» Your task
Do not copy the pictures. Write out the lines from the start of the entries through the line containing "Inspiré de shorts".

» The input
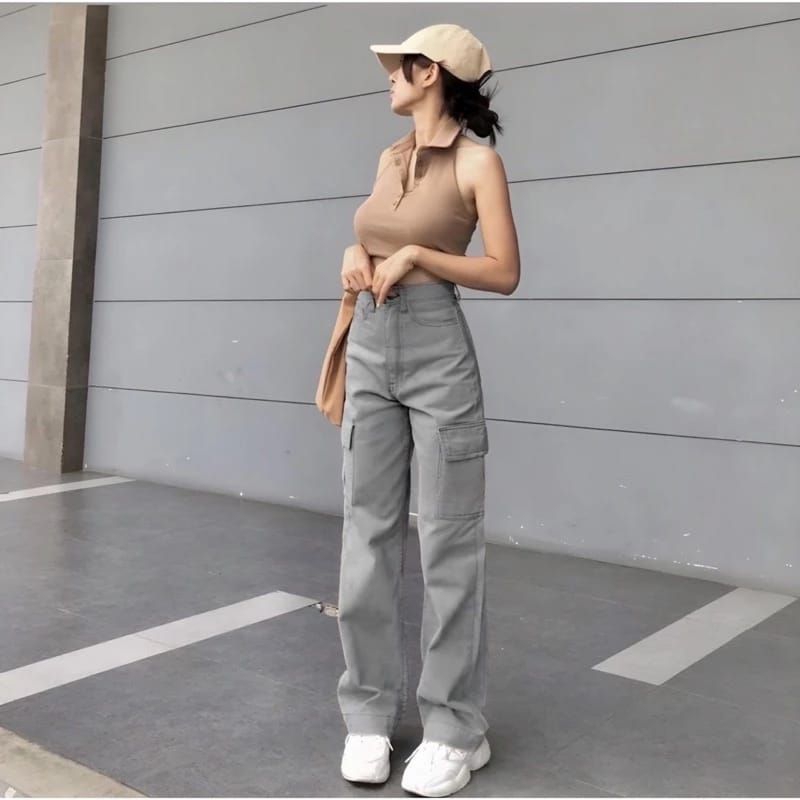 HIGHWAIST CARGO JEANS WANITA - CELANA JEANS WANITA HIGHWAIST
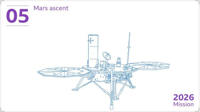 “取货车”把收集到的样本罐装到一个安全容器里,再把这个样本传输舱装到一个小火箭(MAV)上。这个火箭发射升空,把样本容器放到火星轨道上。
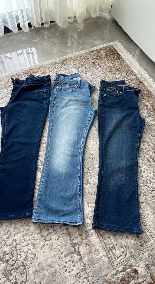 Farklı mavi tonlarında, bol kesim kadın denim kot pantolonlar. Günlük kullanım için rahat ve zahmetsiz şıklık sunar. Midi boy, desensiz tasarım. Üç kot pantalon fiyatıdır
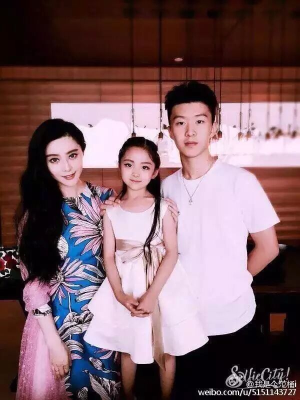今天,有网友曝出范冰冰与弟弟范丞丞同框照,照片中,范冰冰身穿蓝色印花长裙,长发飘飘,揽着中间一位小美女的肩,弟弟则站在一旁,身穿白色T恤黑色长裤,虽然表情略有些僵硬,但比范冰冰高出半个头,眉眼帅气,已初步显露男神气质。
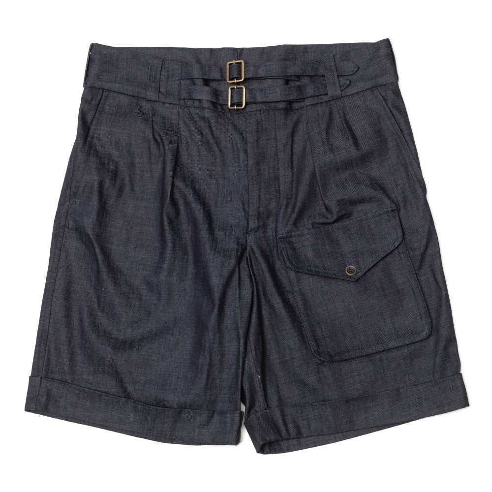 Inspiré de shorts militaire anglais avec son iconique ceinture a sangle qui permet de bien ajusté la taille et de porter le pantalon sans ceinture . La présence de passant permet si besoin l'utilisation d'une ceinture
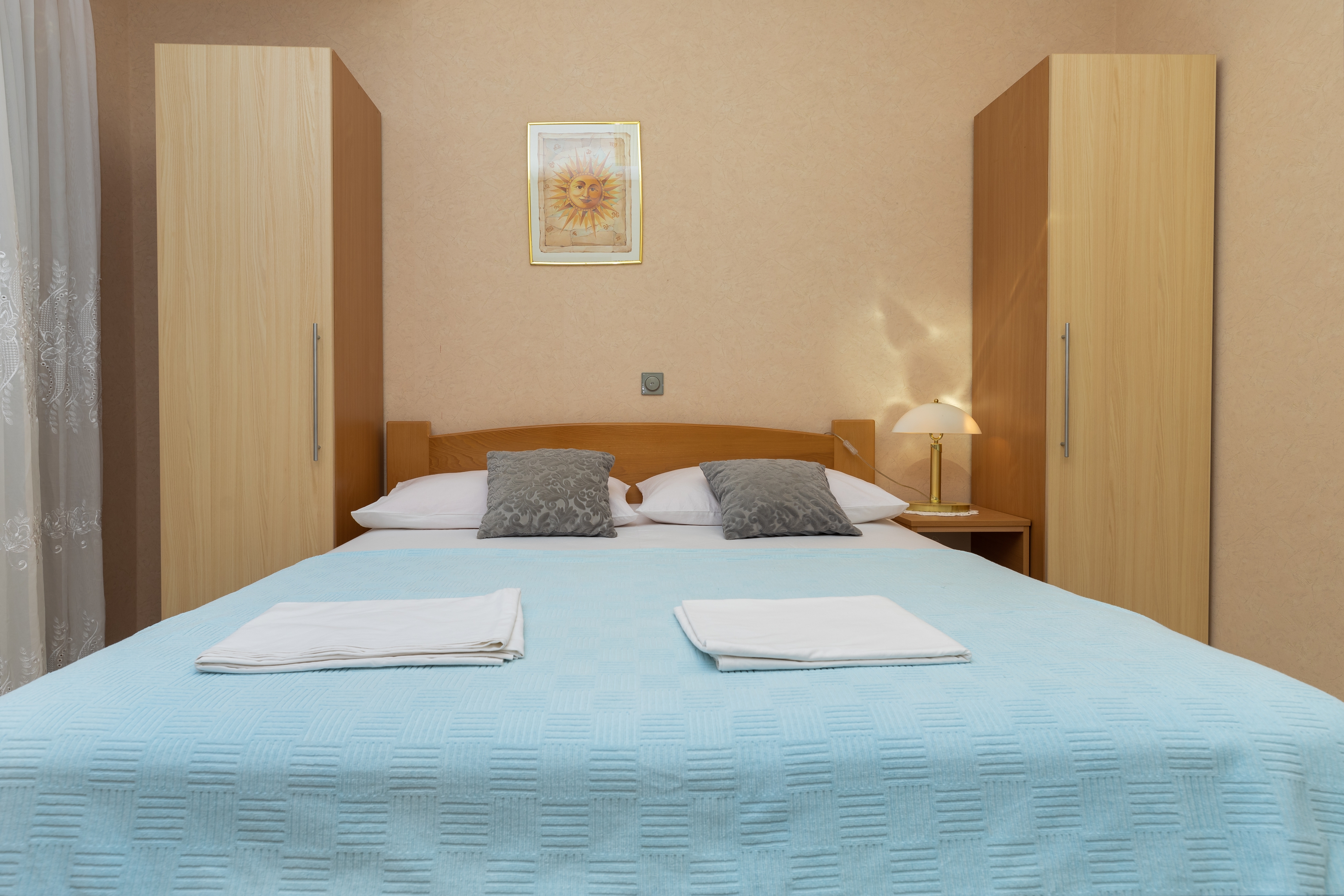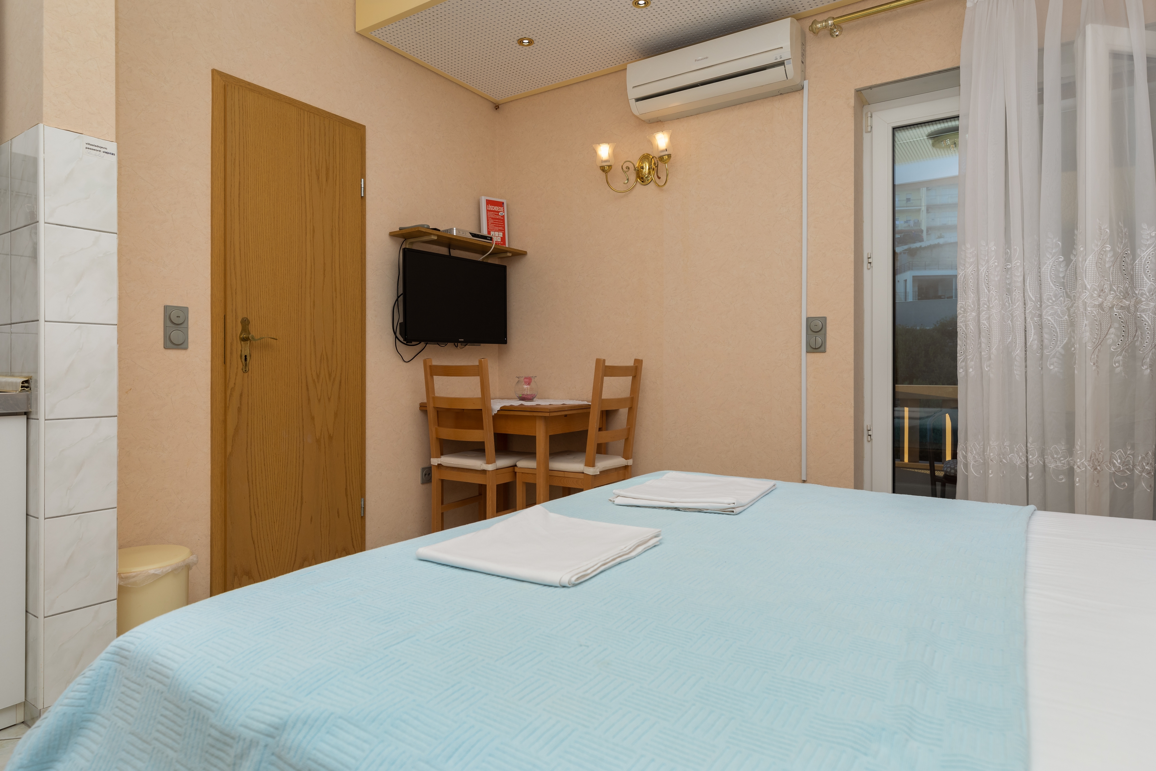 Studio flat can accommodate 2 guests. Beds are situated in 1 sleeping rooms, within 16m2. Guests can use a private balcony to enjoy the warm summer evenings. Food can be prepared using barbecue which is shared with other guests too. INCLUDED IN THE PRICE: tourist tax, final cleaning, air-conditioning, parking, internet, iron, ironing board. OBLIGATORY ADDITIONAL COSTS: short stay fee (surcharge depending on a number of booked nights: 30% - 1, 20% - 2, 10% - 3). OPTIONAL ADDITIONAL COSTS: central heating (€5.00 per night), laundry (€7.00 washing). The availability of additional services for your chosen dates of stay, as well as their prices (if none are listed) must be checked ahead of time. Any additional services not shown in the price calculation are payable directly to the property owner and only if used by the visitor. Discounts to the base price: free day 14=13 (for reservations of 14 or more days you get one free day for the stay until 31122026).
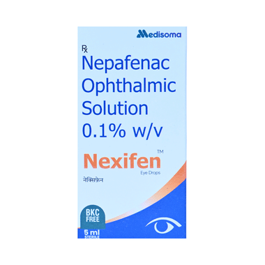 Nexifen Eye Drop BKC Free is a pain-relieving medicine used to treat pain and inflammation associated with cataract surgery. It blocks and reduces the release of certain chemicals in the eye that cause pain and swelling. This makes the healing process after eye surgery more comfortable and helps the eye heal faster.Forever wash your hands before using Nexifen Eye Drop BKC Free. Employ only the number of drops that your doctor has prescribed and wait for about five minutes between each drop. If you wear contact lenses, remove them before using the drops and wait for at least 15 minutes before putting them back in. You should not touch the tip of the dropper or bottle. This may lead to infection.
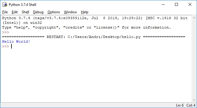 Jika tidak ada error, maka akan ditampilkan pada Python Shell seperti tampilan diatas. Selamat anda berhasil menjalankan Python pada komputer anda!
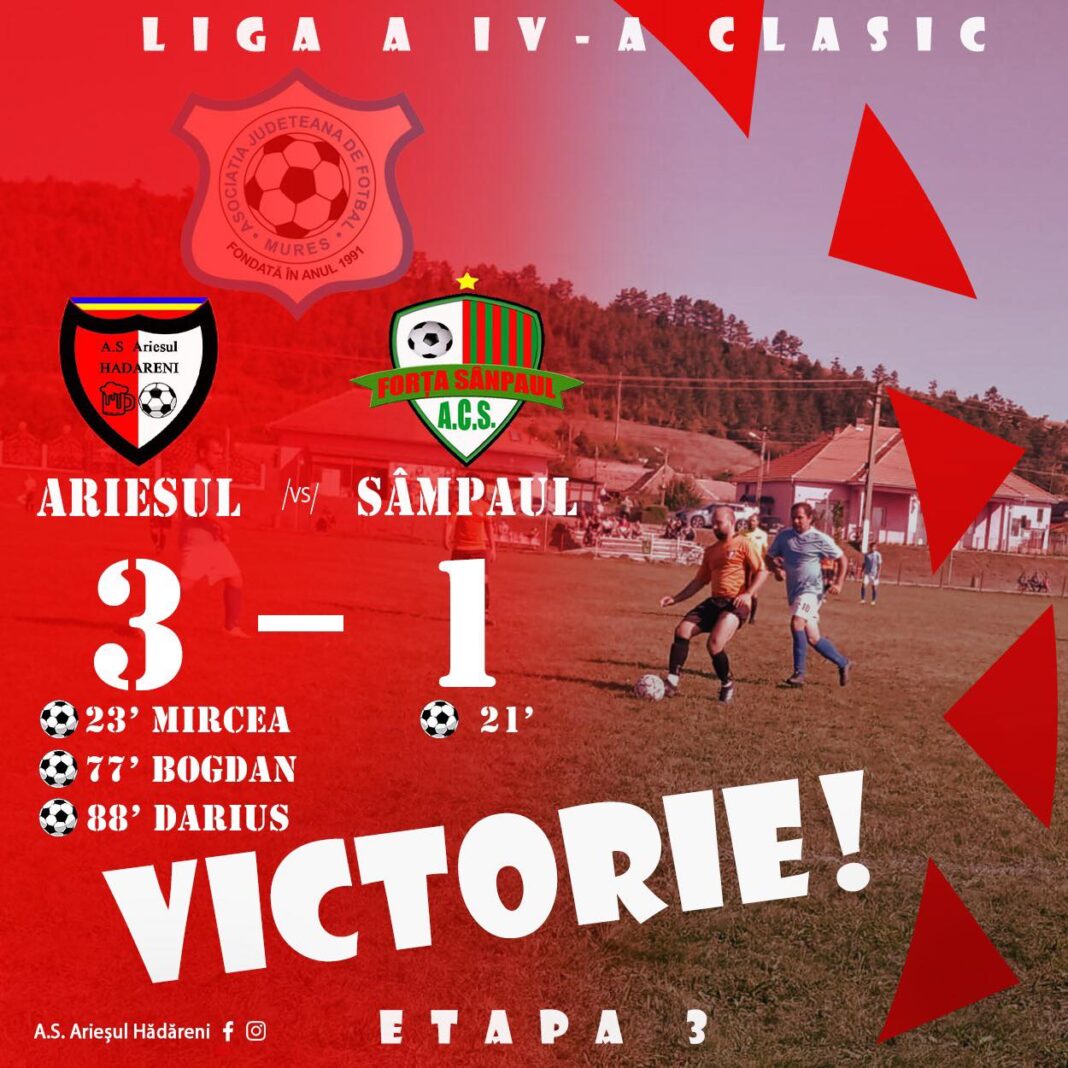 După o victorie, acasă, cu Gaz Metan Daneș și o înfrângere în deplasare cu Dombo Dâmbău, pe stadionul „Arieșul” din Hădăreni a venit Forța Sânpaul.

» Exercise answer
 HIGHWAIST CARGO JEANS WANITA - CELANA JEANS WANITA HIGHWAIST
 “取货车”把收集到的样本罐装到一个安全容器里,再把这个样本传输舱装到一个小火箭(MAV)上。这个火箭发射升空,把样本容器放到火星轨道上。
 Farklı mavi tonlarında, bol kesim kadın denim kot pantolonlar. Günlük kullanım için rahat ve zahmetsiz şıklık sunar. Midi boy, desensiz tasarım. Üç kot pantalon fiyatıdır
今天,有网友曝出范冰冰与弟弟范丞丞同框照,照片中,范冰冰身穿蓝色印花长裙,长发飘飘,揽着中间一位小美女的肩,弟弟则站在一旁,身穿白色T恤黑色长裤,虽然表情略有些僵硬,但比范冰冰高出半个头,眉眼帅气,已初步显露男神气质。
 Inspiré de shorts militaire anglais avec son iconique ceinture a sangle qui permet de bien ajusté la taille et de porter le pantalon sans ceinture . La présence de passant permet si besoin l'utilisation d'une ceinture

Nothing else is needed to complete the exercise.